Download Conversion to Islam Book in PDF, Epub and Kindle

Why did non-Muslims convert to Islam during Muhammad's life and under his immediate successors? How did Muslim historians portray these conversions? Why did their portrayals differ significantly? To what extent were their portrayals influenced by their time of writing, religious inclinations, and political affiliations? These are the fundamental questions that drive this study. Relying on numerous works, including primary sources from over a hundred classical Muslim historians, Conversion to Islam is the first scholarly study to detect, trace, and analyze conversion themes in early Muslim historiography, emphasizing how classical Muslims remembered conversion, and how they valued and evaluated aspects of it. Ayman S. Ibrahim examines numerous early Muslim sources and wrestles with critical observations regarding the sources' reliability and unearths the hidden link between historical narratives and historians' religious sympathies and political agendas. This study leads readers through a complex body of literature, provides insights regarding historical context, and creates a vivid picture of conversion to Islam as early Muslim historians sought to depict it.

The Historiography of Islamic Egypt

The Historiography of Islamic Egypt
Title The Historiography of Islamic Egypt PDF eBook
Author Hugh N. Kennedy
Publisher BRILL
Total Pages 290
Release 2001-01-01
Genre History
ISBN 9789004117945

Download The Historiography of Islamic Egypt Book in PDF, Epub and Kindle

This collection of essays discusses the rich and varied tradition of history writing in mediaeval and early modern Egypt, providing new insights into the works and the lives and outlooks of their authors.
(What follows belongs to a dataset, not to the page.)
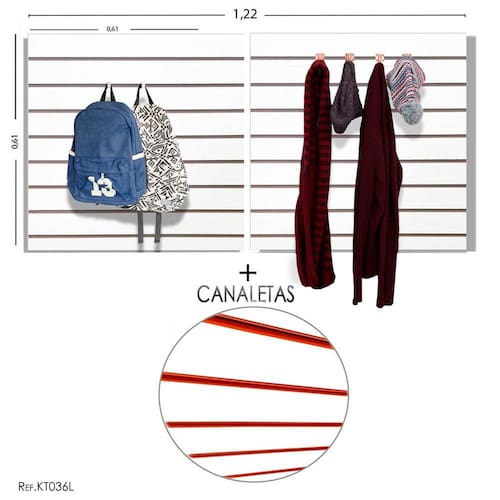 Painel Canaletado Expositor em MDF, também conhecido como SlatWall, é utilizado para exposição organizada de produtos dos mais diversos segmentos.

Medieval Islamic Historiography

Medieval Islamic Historiography
Title Medieval Islamic Historiography PDF eBook
Author Heather N. Keaney
Publisher Routledge
Total Pages 229
Release 2013-07-18
Genre History
ISBN 1134081065

Download Medieval Islamic Historiography Book in PDF, Epub and Kindle

This book is a comparative analysis of the medieval Sunni historiography of the caliphate of Uthman b. Affan and the revolt against him. By comparing treatments of Uthman in pietistic literature and universal chronicles, the work traces the gradual silencing of more critical accounts in favor of those that portray Uthman as a saintly companion of the Prophet Muhammad. Through a comparative analysis of authors between genres and time periods, this book shows how authors were able to convey their personal perspectives on important religio-political tensions that emerged through the revolt against Uthman, namely the tension between Sunnis and Shiis, religious and political authority and appeals to maintain stability and unity vs. appeals for greater justice. This last debate, which in many ways began with the revolt against Uthman, has been repeated most recently in the Arab Spring. This work therefore provides readers with helpful historical context for important contemporary debates.